The coalition have delayed the SG increases needed to get the contribution up to 12 per cent, the amount of superannuation guarantee that is generally agreed will be needed for decent retirements. They don't support women accruing super when on paid maternity leave, a vital component of closing the gender pay gap. They're trying to stop workers bargaining for their own default fund. They tried to dismantle the default system, aiding and abetting the for-profit retail super funds in securing workers' retirement savings—to the workers' detriment, I might add—all while maintaining the very generous superannuation tax breaks for the wealthy. This means that the wealthiest one per cent of Australians, who already receive twice as much taxpayer support for their retirement income as the poorest 10 per cent, will continue to do so. Meanwhile the taxes paid by waiters, childcare workers, truck drivers and shop assistants will be subsidising the superannuation of the wealthy.

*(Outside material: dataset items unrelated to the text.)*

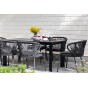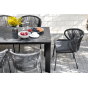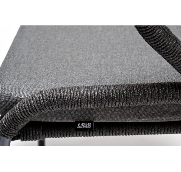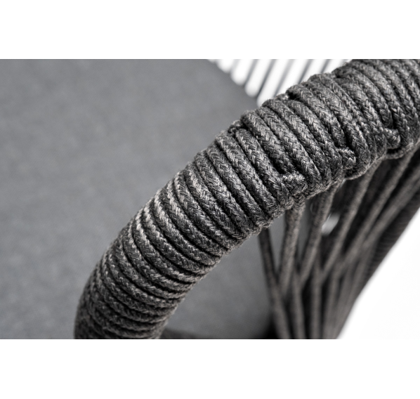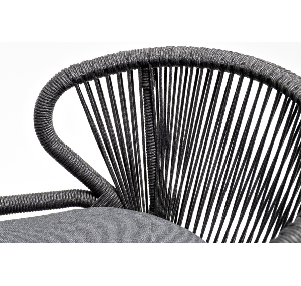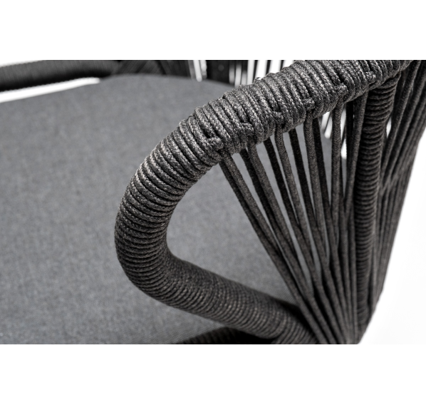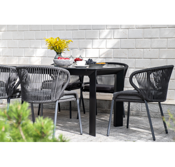 Стулья «Милан» выполнены из роупа темно-серого цвета, который гармонируют с общим дизайном комплекта. Размер каждого стула составляет 570×620×795 мм. Каркас из алюминия придает стульям легкость и прочность, а порошковое окрашивание защищает металл от коррозии и увеличивает срок службы мебели.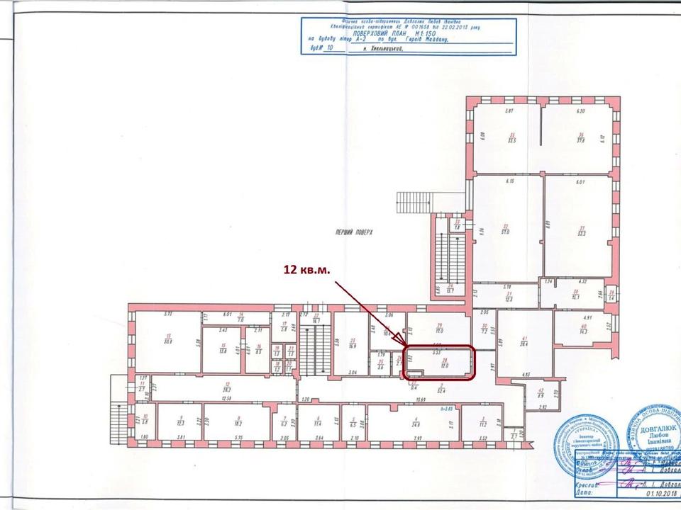 Приміщення Площею 12 м.кв., правильної прямокутної форми, кабінет без вікон. Цілодобовий доступ. Санвузол на поверсі. Без опалення. Без меблів.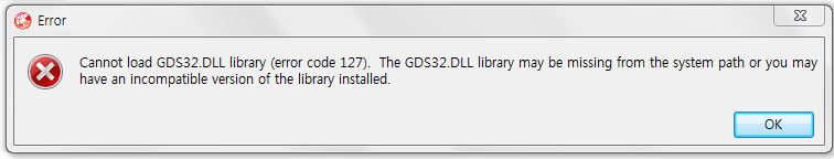 에러는 gds32.dll을 로드하지 못하고 경로가 잘못되고, 버전이 틀리다는 둥..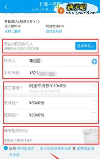 7选好航班之后,下面就是一些订单信息的选择,包括选择乘机人、联系人信息、保险、邮寄凭证等,,选好之后去支付就能了。

Labor has a very proud track record when it comes to superannuation. It came from those visionaries Keating, Hawke and Kelty. We will continue to fight for a fairer superannuation system and a stronger one. We on this side understand its value. To quote the shadow minister, the member for Whitlam, our universal superannuation, which is like a sovereign wealth fund but owned by the people, not the government, 'has $3 trillion in funds invested, and Australian workers have amassed the fourth-largest pool of pension savings in the world, equal to 140 per cent of GDP'. Superannuation has helped transform Australia from a country that borrowed from the rest of the world to one with substantial savings of its own. Make no mistake, if the opponents of universal super win, the consequence will be the destruction of jobs, the crippling of economic growth, and increasing taxes and a less secure future.

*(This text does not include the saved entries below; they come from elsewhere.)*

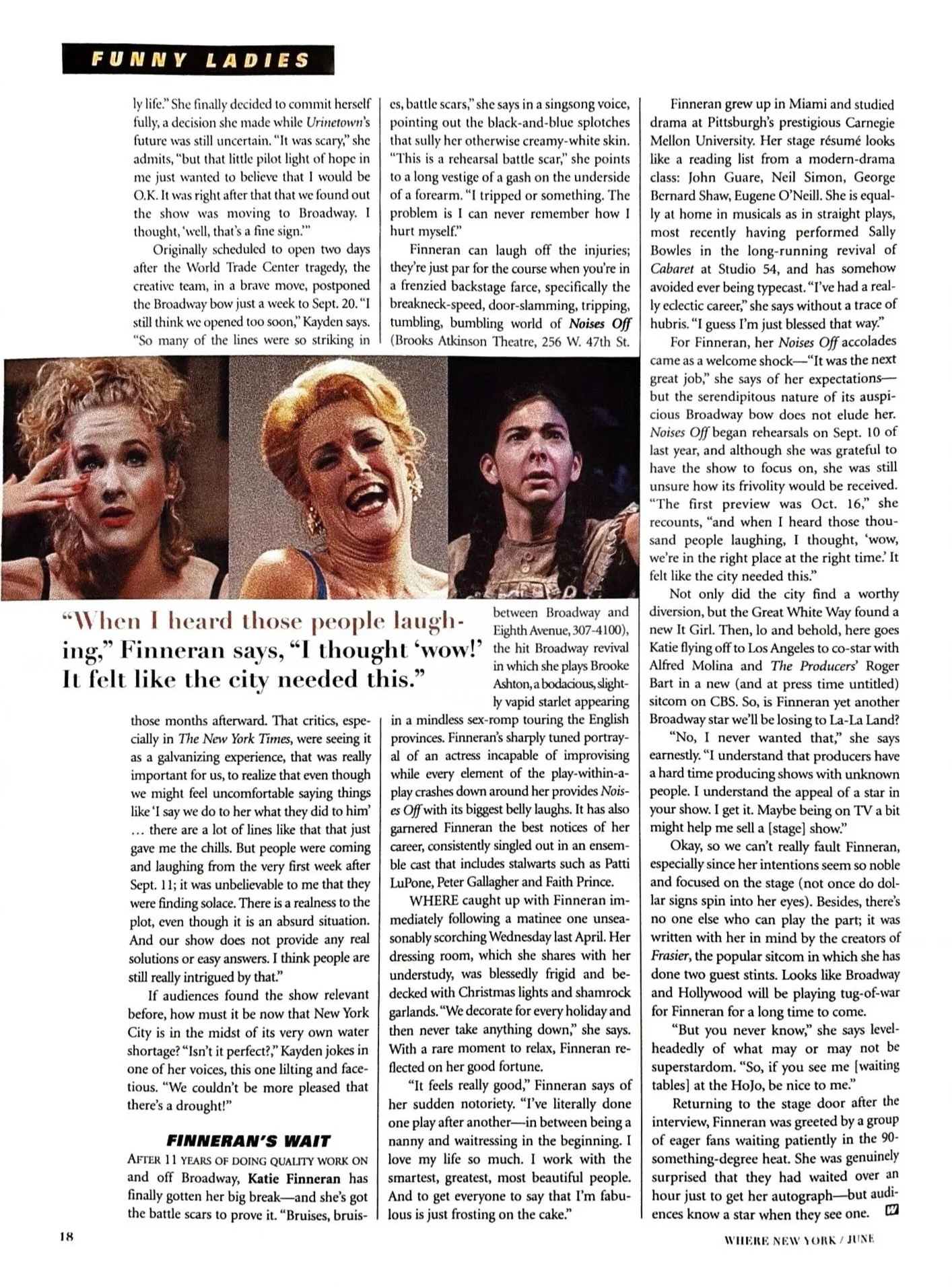 Finneran can laugh off the injuries; they’re just par for the course when you’re in a frenzied backstage farce, specifically the breakneck-speed, door-slamming, tripping, tumbling, bumbling world of Noises Off (Brooks Atkinson Theatre, 256 W. 47th St. between Broadway and Eighth Avenue, 307-4100), the hit Broadway revival in which she plays Brooke Ashton, a bodacious, slightly vapid starlet appearing in a mindless sex-romp touring the English provinces. Finneran’s sharply tuned portrayal of an actress incapable of improvising while every element of the play-within-a-play crashes down around her provides Noises Off with its biggest belly laughs. It has also garnered Finneran the best notices of her career, consistently singled out in an ensemble cast that includes stalwarts such as Patti LuPone, Peter Gallagher and Faith Prince.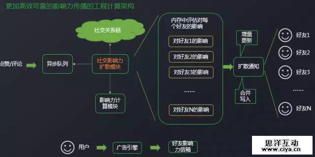 那么这种读扩散的方式不行,我们就换一个思考,采用写扩散的方式。当用户的一个点赞评论数据接收到之后,我们放入消息队列之后,然后社交扩散模块取出,根据关系链,权威度,传播力在内存中计算他对每个好友的影响,然后再告知所有好友这个信息。但是,假如是一一告知,5000 个好友就要 5000 次网络调用,这个开销也是接受不了的。所以,我们会根据路由规则和机器列表,将属于一台机器的用户合并起来写入,最小化网络调用。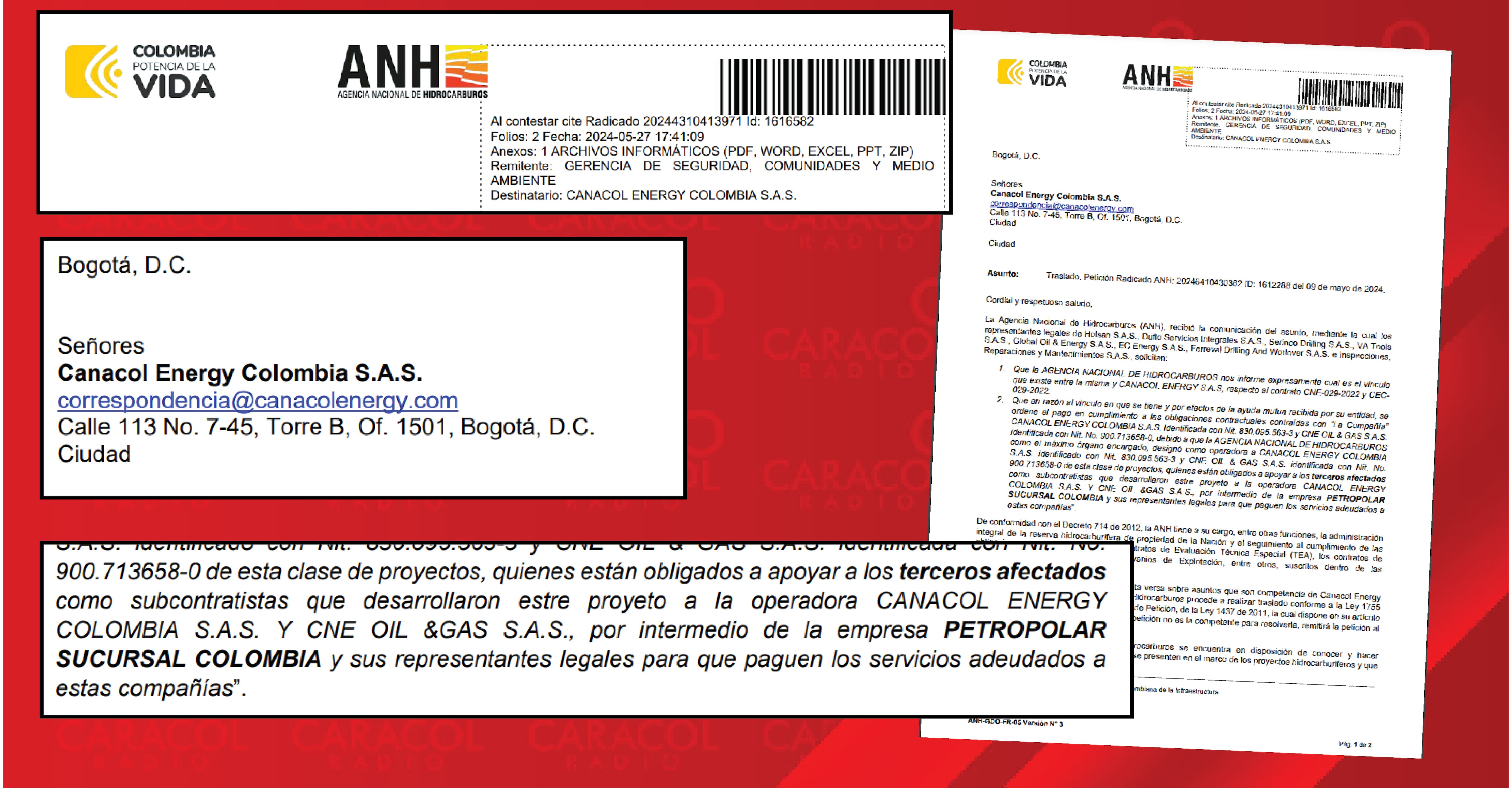 El 27 de mayo de 2024, la Agencia Nacional de Hidrocarburos remitió una carta a CANACOL Energy para que explicara cuál era el vínculo con Petropolar Sucursal Colombia y por qué no se ha pagado las obligaciones con los terceros afectados, es decir, a los empresarios a los que les hicieron “conejo”. ((VER DOCUMENTO ANH))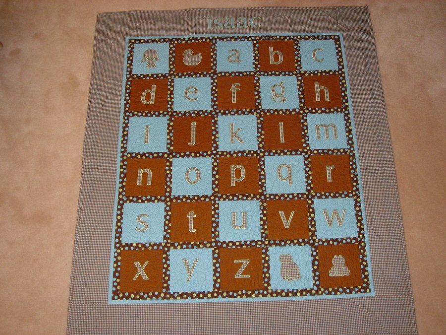 | Design Source - Description | I made this quilt for my new nephew. I digitized an alphabet and some animals from my embroidery software and appliqued onto the blocks. I was very happy with the simple design and color scheme. |

The Prime Minister's inability to subdue the wreckers in his own ranks puts us all at risk. The economic woes and challenges we faced before the pandemic crisis have not gone away; they've simply become worse and we've had to face a whole lot more. The challenge of funding pensions for an ageing population with a structurally weak budget is still alive; in fact, it's become greater. In a post-COVID environment, now more than ever, we will need to have a huge pool of money available to invest in jobs and growing the economy; to invest in innovation and development for industries like manufacturing, construction, infrastructure and biosciences; and to invest in innovation in health care, aged care and disability services.
If the government had a real plan for superannuation, they would not be tinkering around the edges. They would make it easier for trustees to invest members' contributions for the benefit of the country. We need a strong superannuation system, buttressed by stable and certain policy, with a mandate to invest for the long term in the national interest.